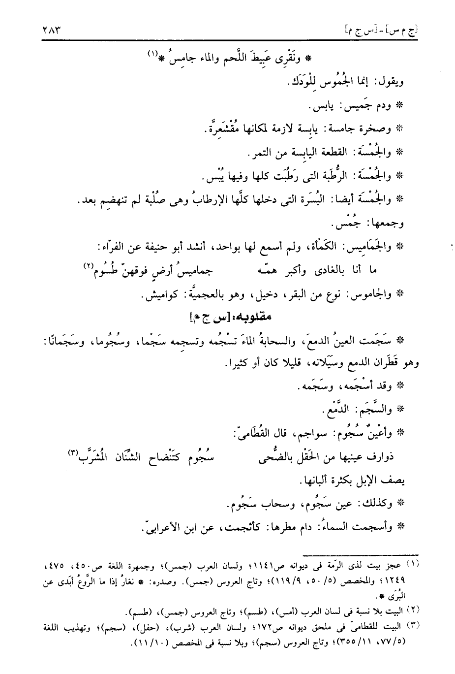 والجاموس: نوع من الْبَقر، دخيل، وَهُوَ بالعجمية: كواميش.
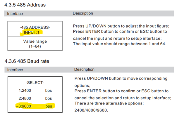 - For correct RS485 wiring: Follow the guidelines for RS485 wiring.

=-=-=-=-=

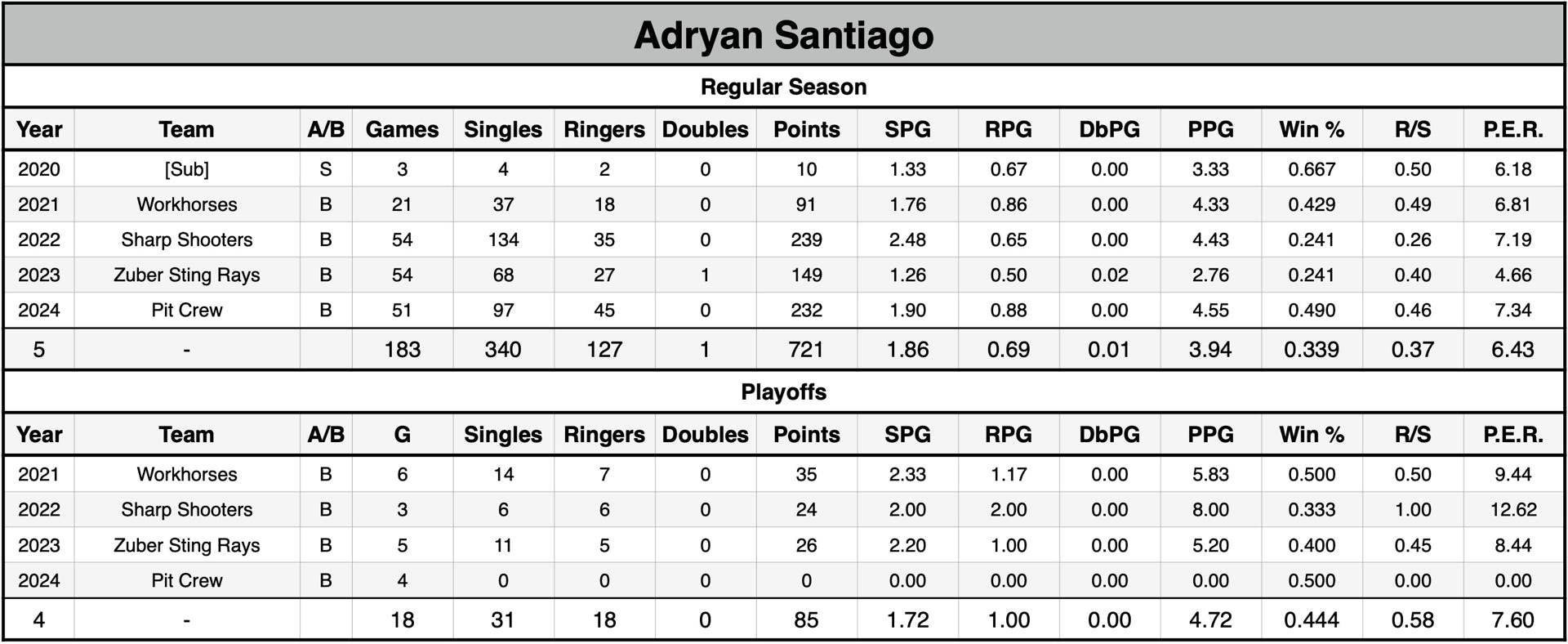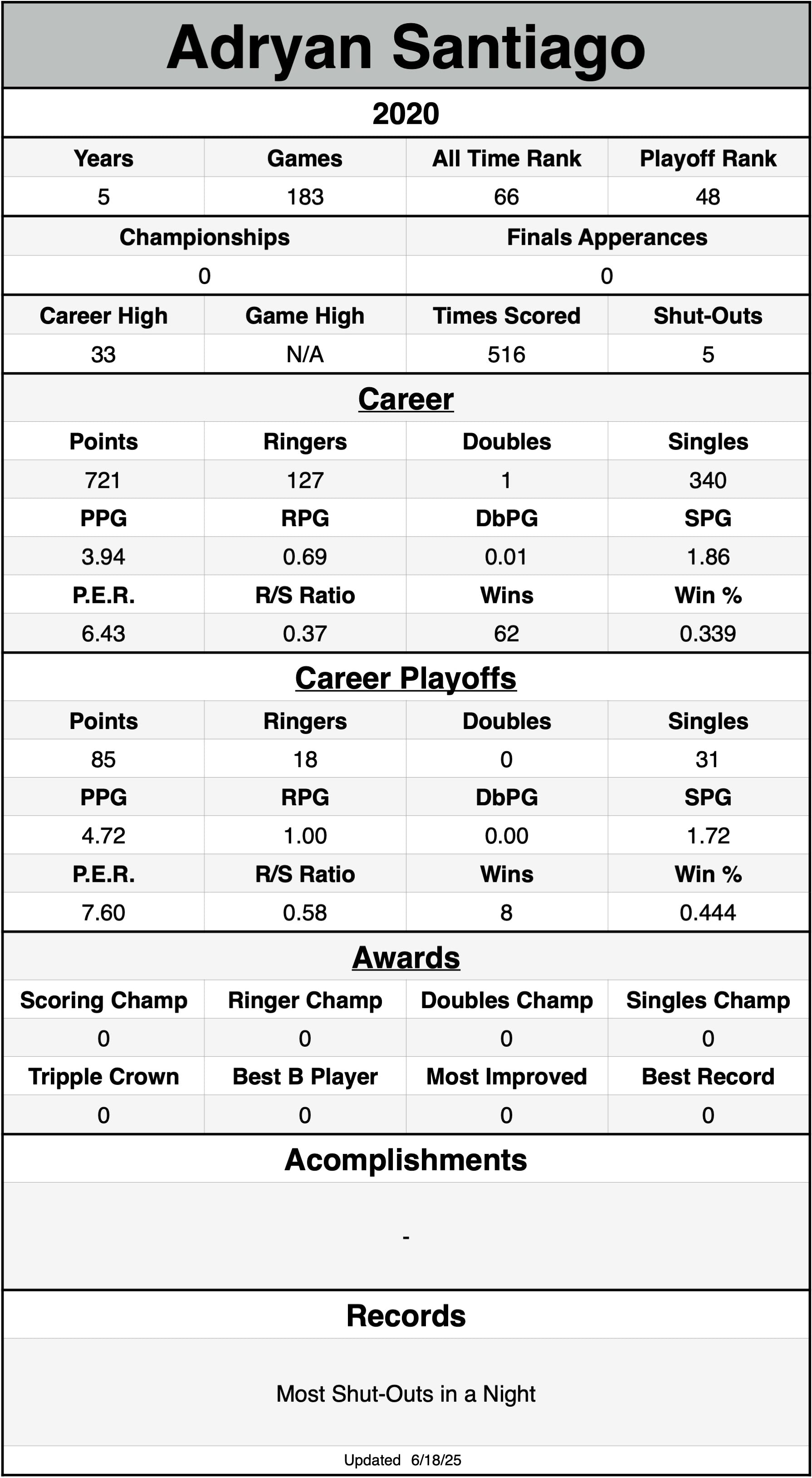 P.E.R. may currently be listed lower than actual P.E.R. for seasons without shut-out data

=-=-=-=-=

** WORK TO COMPLETE **
Print the part of the listing above that opens with the line containing "والجاموس: نوع من" and closes with the line containing "- For correct". Copy it exactly, both ends included, and omit the pictures.

** RESPONSE AREA **
 والجاموس: نوع من الْبَقر، دخيل، وَهُوَ بالعجمية: كواميش.
 - For correct RS485 wiring: Follow the guidelines for RS485 wiring.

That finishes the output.